There are many public limited liability company advantages and disadvantages that you should be aware of before forming your public limited liability company (PLC). This type of business structure is a limited company that is formed in the United Kingdom (UK). The PLC, also known as a publicly held company, can issue shares to the public. Similar to U.S. corporations, PLCs are highly regulated; in fact, PLCs are generally more highly regulated than U.S. corporations, as the UK government, Companies House, has additional formation requirements, maintenance fees, and shareholder requirements for operating such an entity.

Formation

To form a PLC, you need the following:

  1. At least 2 shareholders
  2. At least EURO 50,000 of shares
  3. A minimum of 2 directors
  4. A company secretary

While corporations can act as shareholders, at least one of the directors must be an individual. Similar to any U.S. corporation, the PLC must file formation documents with the state government. Particularly, the PLC will file the documentation with the Companies House, which is a government agency based in the UK. You will need to file the Articles of Association, a formal application, and pay the applicable fee. There are additional requirements that must be met, and it is important to visit the Companies House website to ensure that you remain compliant with all of the formation requirements, along with ongoing maintenance requirements, for your PLC.

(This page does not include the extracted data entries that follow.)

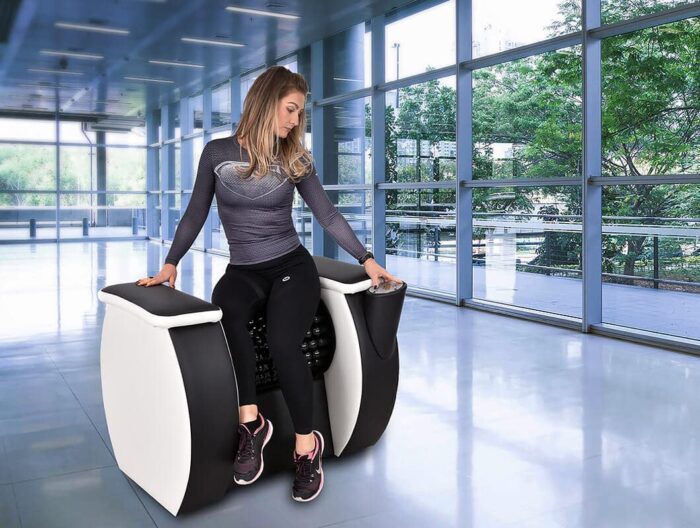In the massager set, there is a chair and a platform that facilitate massage of various body parts like buttocks, thighs, abdomen, etc.
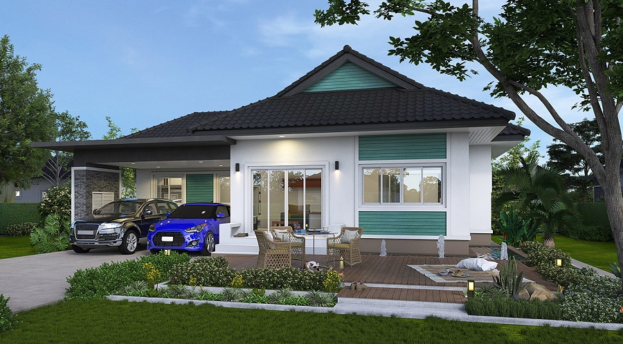 Read Moreบ้านชั้นเดียวราคาประหยัด โทนสีฟ้าหลังคาจั่วซ้อนชั้น สดใส เรียบง่าย สไตล์ชนบท
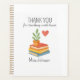 Ayuda a tu profesor favorito a organizarse con estilo con este hermoso planificador de gracias! Con un cálido diseño acuarela de libros apilados, una planta en maceta y un corazón rojo, junto con el reflexivo mensaje "Gracias por enseñar con corazón", este planificador es práctico y significativo a la vez. Perfecto para la planificación de clases, listas de tareas pendientes, reuniones o periodismo diario, este planificador de personalizables hace un excelente regalo para las celebraciones de la Semana de Apreciación del Profesor, de regreso a la escuela o de fin de año. Añade el nombre del profesor o un mensaje corto para hacerlo realmente personal. Características del producto: Disponible en múltiples tamaños y diseños (semanales, mensuales o diarios) Enlace de espiral sólida y cubierta duradera Diseño de portada de color completo con texto de personalizable Interior incluye calendarios, notas y secciones de planificación Ideal para profesores, tutores, mentores o personal escolar Un regalo funcional e inspirador que los profesores usarán cada día - una combinación perfecta de propósito y apreciación.
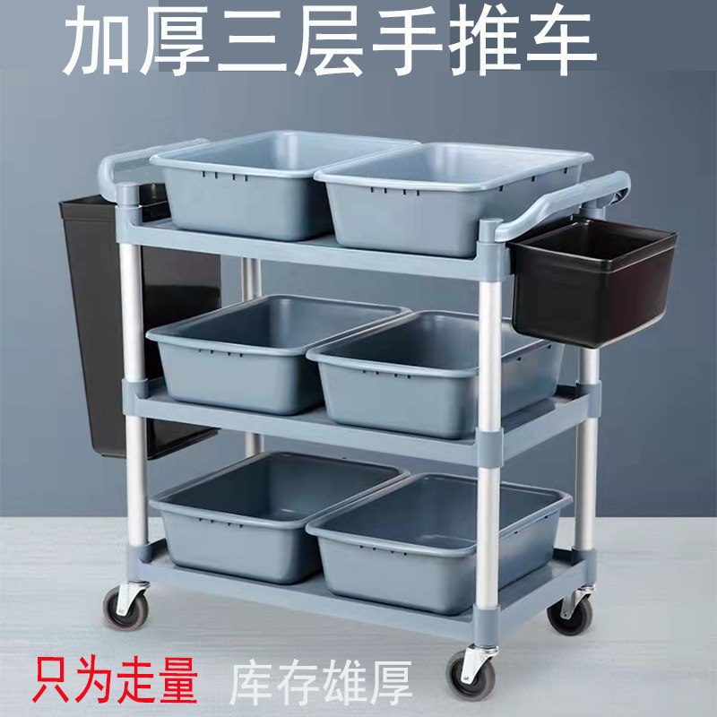 Troli plastik tiga lapis besar, troli makanan ringan, tiga lapis, troli pengiriman, tiga lapis, dengan roda, penahan beban super besar, Hotel
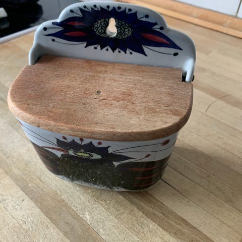 Smukt gammelt saltkar fra Aluminia. Kan sendes hvis køber betaler porto.
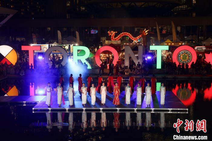 当地时间8月30日,加拿大多伦多,华人文艺团体演员在当日揭幕的第五届多伦多龙文化节水上秀台进行旗袍秀的夜场表演。中新社记者 余瑞冬 摄
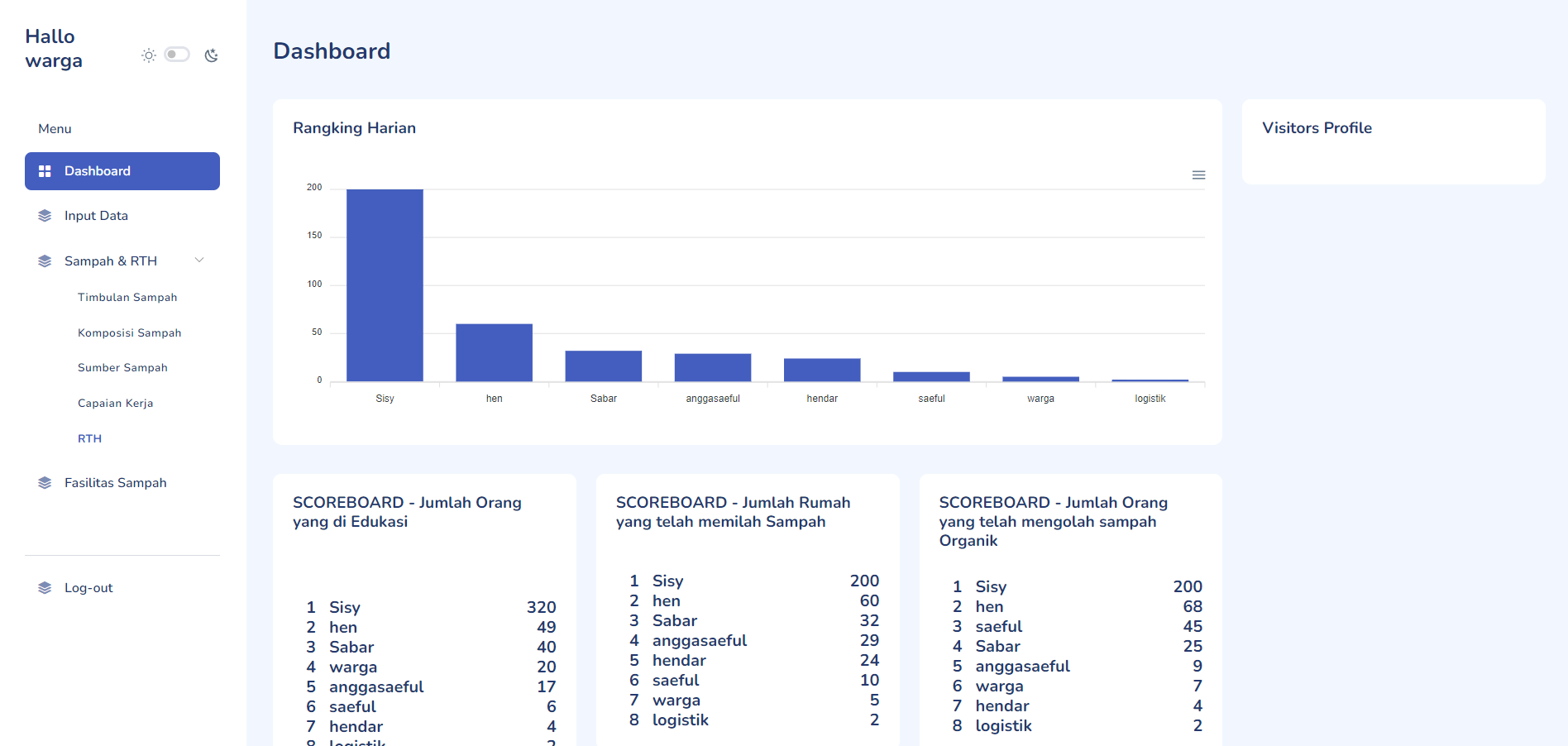 Developing a waste management system based on Laravel and MySQL with two roles: residents and admin. Admins from each PKK branch register residents in their respective areas, while residents can log in to input the collected waste data along with proof. Admins can display the collected waste data and rank residents based on the amount of waste collected. This system supports efficient waste management efforts and encourages resident participation.
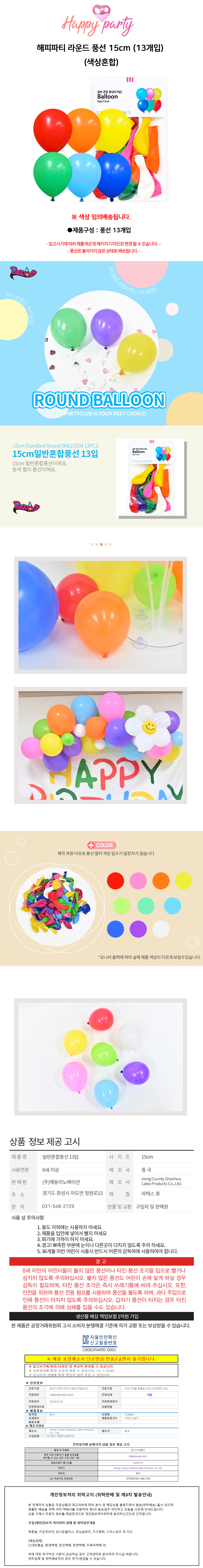 해피파티 라운드 풍선 15cm 13개입 색상혼합

If you want to use a sensitive word in your company’s name, you will be subject to additional scrutiny from the government. For example, similar to a U.S. corporation not being able to use a prohibited term, the UK may or may not allow certain sensitive terminology, depending on the industry in which you are operating. If you choose to use a sensitive term, the government will need to approve it before allowing you to begin operating your PLC. After you’ve submitted the required paperwork, the Secretary of State will need to approve the application.

Advantages

Below are some of the advantages to owning and operating a PLC:

  1. Ability to sell shares and raise additional capital
  2. Obtain additional financial assistance from investors to expand the company and its resources
  3. Limited liability, which means that the owners can’t be held personally liable for the company’s debts
  4. Liquidity, as shareholders can easily buy/sell their shares without having to worry about complex paperwork
  5. The value of shares is easy to identify since it is shown by the market capitalization
  6. Ease of acquisitions

Disadvantages

While there are several advantages to owning and operating a PLC, there are some drawbacks too, which include:

  1. High costs
  2. Shareholders with no interest in helping the company
  3. Takeovers
  4. Greater scrutiny
  5. Difficulty in making decisions

It is generally more difficult to form a PLC than a U.S. corporation. You must hire both a securities attorney and an investment bank. The underwriter will then offer the initial shares to the public, while receiving a commission. This could cost hundreds of thousands of dollars.

While most shareholders will want to see the company do well, and help the company meet its long-term goals, some shareholders just want to make money for themselves without having any involvement.

Since the PLC is public, anyone can purchase shares at any limit. However, there might be hostile investors trying to purchase a significant amount of shares, giving them greater voting power over the significant decisions of the company. Therefore, such hostile investors might try to takeover the PLC entirely.

Also, having the company go public means that there is less control for the founders of the company. Once the company goes public, there must be a board of directors who represent the company and all of its shareholders. This means that all major business decisions must first be discussed by the board and voted on. This could lead to lengthy decision-making processes, as decisions won’t be able to be made right away. This also means that the founders will have less decision-making rights, as the board is generally in charge.

Once operating a PLC, your company will be subject to greater regulation, as the government will closely monitor the company’s financial performance.